# Poplar Question



## OcoeeG (Nov 20, 2008)

I am new to milling so I have many questions. One of my first projects is going to be milling up a big old Poplar into fence railings to fence off some patsture. I was planning on making it about 5/4ish thick, drying it and then resawing it on a table saw. A friend of mine said poplar does not do well in the sun and wouldn't do well in this application. I plan on painting it. What says ye on this topic. Is it worth sawing this huge poplar into fence rails or not?

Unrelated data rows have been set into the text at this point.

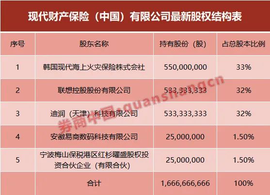 3月10日,银保监会官网挂出批文,批准现代财险注册资本从5.5亿元增至16.67亿元,此轮增资扩股引入4家新股东,联想、滴滴系公司迪润科技,以及另两家法人股东。联想和迪润科技将各自持股32%,并列第二大股东。至此,现代财险的性质也将由“外资”变为“中外合资”。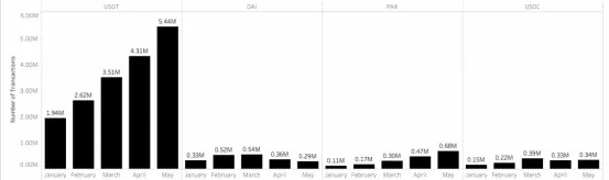 虽然链上交易额和交易量都有显著增长,但各个稳定币网络的交易频率也在同步上涨。所以稳定币项目的平均交易规模并没有得到提升,反而有所下降。以占据市场交易额逾70%的USDT为例,该稳定币种的平均交易规模从一月份的9139美元减少至六月份的4806美元,下滑近48个百分点。这种下跌趋势侧面表明了,近月来稳定币交易量以及市场需求量的暴涨很大部分来源于小额零售交易。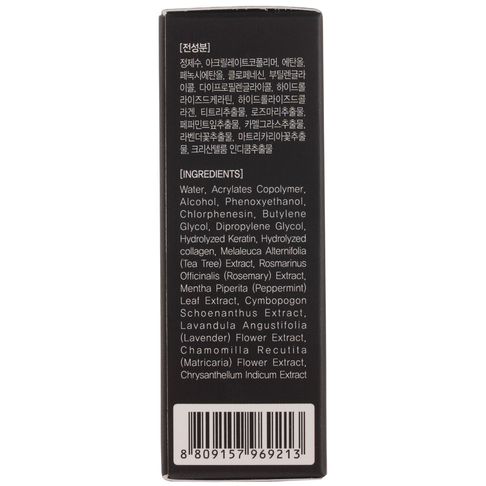 | Состав | water, acrylates, сopolymer, alcohol, phenoxyethanol, chlorphenesin, butylene glycol, dipropylene glycol, hydrolyzed keratin, hydrolyzed collagen, melaleuca alternifoli (tea tree) extract, rosmarinus officinalis rosemary) extract, mentha piperita (peppermint) leaf extract, cymbopogon schoenanthus extract, lavandula angustifolia (lavender) flower extract, сhamomilla recutita (matricaria) flower extract, chrysanthemum indicum extract |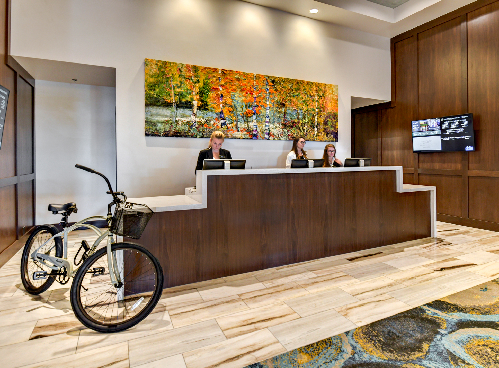 The owners of The Grove Hotel were looking to redesign and modernize the hotel entry, bar, lobby and restaurant. They wanted a new look and amenities to compete in Boise’s growing downtown hotel and restaurant market.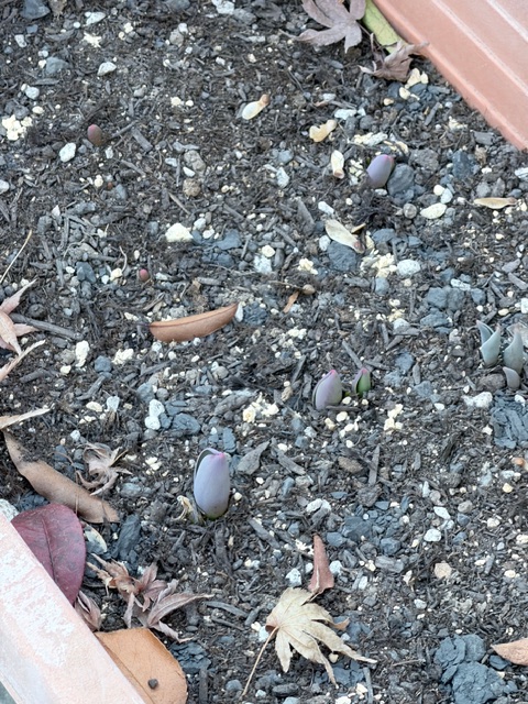 晩秋に、ふるいに掛けた去年の古い土と、新調した新しい土に、去年咲いたチューリップの球根をそっと戻していきました。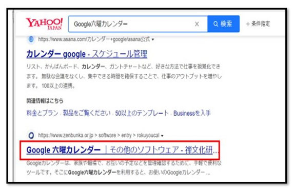 2・検索結果が表示されます。「Googleカレンダー その他のソフトウェア・禅文化研」をクリックします。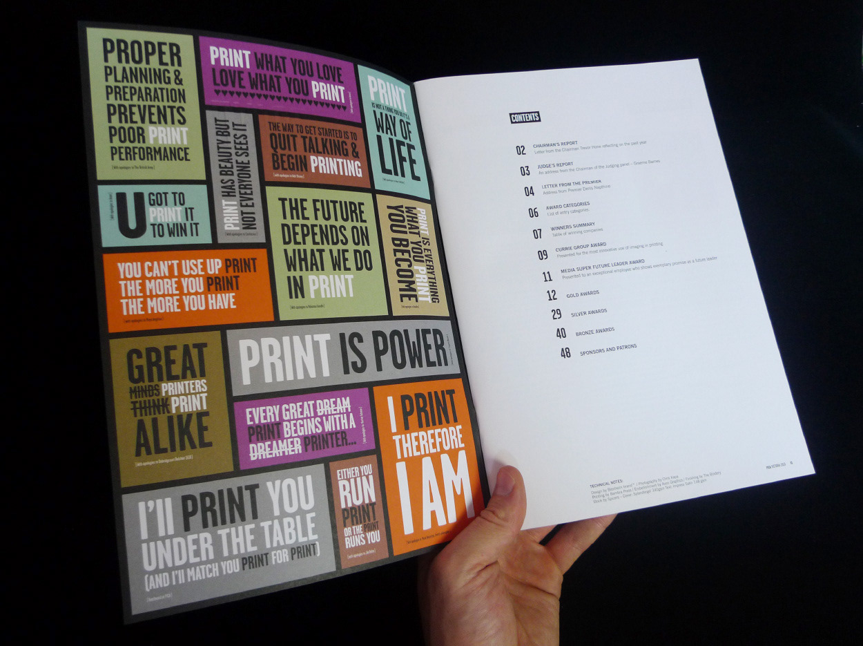 Printing Industries Craftsmanship Awards With the print industry fighting to stay afloat in a digital world, printers needed a call to action. What better way than to celebrate and promote their craft together at the print industry’s night of nights - The PICAs. Famous aspirational quotes were ‘reworded’ to have relevant meanings to print and attributed 'with apologies' to their author. Particular quotes were matched appropriately to the application. Print finishes such as foils & embosses (awards book cover), metallic inks (award book internal) different colour ways (menus) and paper stocks gave the printed applications a special touch. The solution was both fun and inspirational to all! Client: Blenheim Brand / PIAA

Saw comes Monday, CAN'T WAIT to start milling!!!!


----------



## Sawyer Rob (Nov 20, 2008)

OcoeeG said:


> I am new to milling so I have many questions. One of my first projects is going to be milling up a big old Poplar into fence railings to fence off some patsture. I was planning on making it about 5/4ish thick, drying it and then resawing it on a table saw. A friend of mine said poplar does not do well in the sun and wouldn't do well in this application. I plan on painting it. What says ye on this topic. Is it worth sawing this huge poplar into fence rails or not?
> 
> Saw comes Monday, CAN'T WAIT to start milling!!!!



Resaw it to what?? Do you mean resaw it to width? I'd want "at least" 6/4 for fence rails!!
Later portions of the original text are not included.